Every Second with You

Every Second with You By Lauren Blakely


Book 2 in the No Regrets series



Every Second With You

Intended for 17+ due to sexual

content and mature themes.

Every Second With You = Sex. Love. Addiction. Heartache. Pain. And Hope.

I used to think love was a lie. Now I know it’s real, powerful, and I don’t want to lose it…But my future scares me, and there’s no way this can be happening, especially since I’ve finally broken free from all the people who wanted pieces of me. I don’t even know how to start over, but I have to find a way. So when I discover what my mother’s been keeping from me, it doesn’t make me hate her. It gives me hope for a new life, outside of New York. But the ties that bind me to this city are so strong, sometimes they are chains. If only I could leave with…

Trey...

I will do anything for her. She owns me, heart, mind and body. But when Harley tells me this, I am rocked to the core, and terrified of what happens next. Especially when this time it’s not her past that chases me, it’s someone from my own. And that someone is messing with my head when I’m trying to be strong for Harley. But all I really want is to escape with the girl I love…For the rest of our lives.

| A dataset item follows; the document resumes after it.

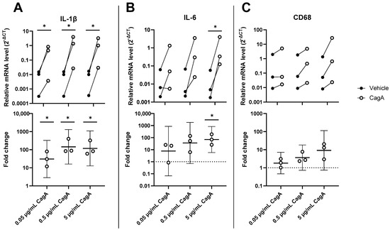 H. pylori virulence factor cytotoxin-associated gene A (CagA) upregulates expression of pro-inflammatory genes in coronary artery smooth muscle cells (CASMCs). mRNA levels of IL-1β (A), IL-6 (B), and CD68 (C) were analyzed by qPCR in CASMCs following stimulation with CagA. n = 3 with paired vehicle controls. Upper panels display relative expression to glyceraldehyde 3-phosphate dehydrogenase (GAPDH) calculated as 2−ΔCT. Lower panels show fold change with mean and 95% confidence intervals. * p < 0.05 vs. vehicle control (paired t-test).

How can you love with no regrets when regret is all you know?





Chapter One


Harley

The moonlight streams across his beautiful face, but I can’t bear to look at him. I stare out the window; the slats of the blinds chop silver streaks from the moon that shine through my room, and I wish I were anywhere but here, on top of the covers, in bed with the man I love, on the night of my twentieth birthday. I don’t know how to be false or fake with Trey, but I don’t know how to tell him the truth right now, either.

“Hey,” he says softly, brushing strands of hair from my forehead. “Are you feeling better?”

I wince inside, but put on a brave face for him, adjusting the pillow to busy myself, as if it’s absolutely vital to find the perfect alignment for my head. Anything to avoid eye contact as we lie side by side, the pinball machine sounds of late-night New York City mingling with Sara Bareilles playing on my phone.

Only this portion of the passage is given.